Steppin' Out

A boy desires his stepmom in the digital video Tadpole

Jul 24, 2002 at 4:00 am
The advent of digital filmmaking has been essentially a good thing, allowing cameras to go places their larger, celluloid-spooling cousins cannot; generally requiring less specialized lighting; and, above all, making it affordable to put together a film while maxing out only one credit card. Sure, for every The Celebration you get 10 Mifunes, but along with that comes the promise that maybe you, too, can be a director one day. There is one small deficit to the technology, however: With the exception of digital films shot on the high-end Sony 24P HD camera (Session 9, Attack of the Clones), digital video still frequently looks like crap.

Such is the case with Gary Winick's Tadpole, which admittedly overcomes its visual hideousness with a sharp script and strong performances. Still, Winick seems unaware of how bad it looks. Although it has been undergoing some final tweaks since the screening, they don't seem to be cosmetic, mostly focusing on editing, and the trailer doesn't indicate that any visual enhancement has been made.

Tadpole is one of the inaugural productions of Winick's InDigEnt film company, and he hopes to encourage more filmmakers to challenge themselves with low-budget dig-vid films like this one under his auspices, much as Lars von Trier's Dogme 95 philosophy was supposed to do. But again, Gary should perhaps remember that most of the Dogme movies were ugly to look at, embarrassingly pretentious and self-consciously "artsy" (a weird fixation on retarded people as subject matter didn't enhance the cause any), with only The Celebration truly transcending the mold.

To enjoy Tadpole, you'll have to deal with wide shots that occasionally reduce character faces into pure pixelation. You'll have to accept that the color scheme is going to be mostly dull and that none of the visuals will dazzle you or even particularly interest you. Fortunately, that doesn't really matter. This is one of those films that gets by on script and character alone, and the dig-vid look ultimately gives the piece a home-movie feel that adds a voyeuristic level to the proceedings.

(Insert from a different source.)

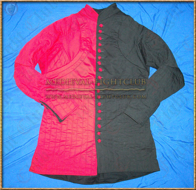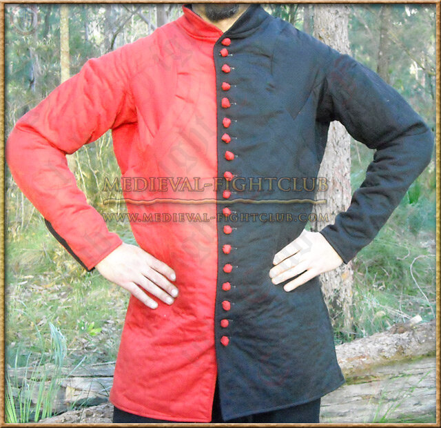 Stylised from the Jupon of Charles VI, late 14th century, and the 15th century's Fiore dei Liberi's - Fior di Battaglia. Featuring Zuparello buttons that can squash flat under armour.A jupon (or fighting cotte) is a fourteenth to fifteenth-century tight-fitting padded garment worn over armor, often displaying family colours or a coat-of-arms.

Impressive newcomer Aaron Stanford, who resembles an amalgamation of Topher Grace and Hayden Christensen, plays fifteen-year-old boarding-school student Oscar, also known as Tadpole, possibly because his mother is French (i.e., a "frog"), or because he's metaphorically swimming around trying to grow up, or even perhaps because tadpoles look like sperm -- it's an open-ended interpretation.

Tadpole isn't your typical kid -- he looks 23 (because Stanford is); he quotes Voltaire, who, he insists, is a comedian (as does the movie, with various laugh-getting ironic scene-headings courtesy of the French philosopher); he drinks heavily after convincingly persuading a bartender that he is in fact 40 years old; and he wants to date middle-aged women, specifically his own stepmother, Eve (Sigourney Weaver). Home for the holidays, he intends to finally declare his love but encounters inevitable complications when Eve's best friend, Diane (Bebe Neuwirth), becomes part of the dysfunctional triangle.

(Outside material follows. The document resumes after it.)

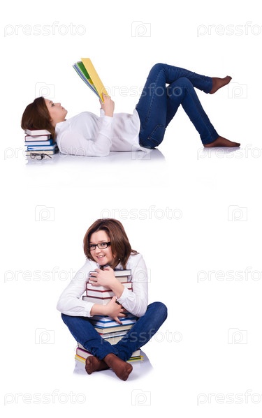 Студент с книгами, изолированными на белом

Comedic misunderstandings ensue, sort of like Three's Company with an edge, a feeling only exacerbated by the appearance of John Ritter as Tadpole's dad, playing it more effeminately flamboyant than he did as a gay man in Sling Blade. At least one metaphor is a little too much: Eve is a cardiologist, so she gets to casually say things such as, "The heart is simple. Fixing it is complicated." But overall the wit and timing are sharp, as in the hilarious dinner scene where everything comes to a head (reminiscent of similar scenes in movies such as Mrs. Doubtfire, only funny), and in Diane's observation that being 40 isn't so bad, except everyone you know seems kinda tired."

The theme of older woman getting it on with teen (or immediately post-teen) males seems to be part of the zeitgeist right now, what with Y Tu Mamá También, Lovely and Amazing, The Good Girl and now this, all coming out within the space of two months. We're fortunate that thus the subject has been treated with intelligent humor, but who knows? This could become a larger trend. Anyone up for a Jerry Bruckheimer production teaming Freddie Prinze Jr. and Angela Lansbury?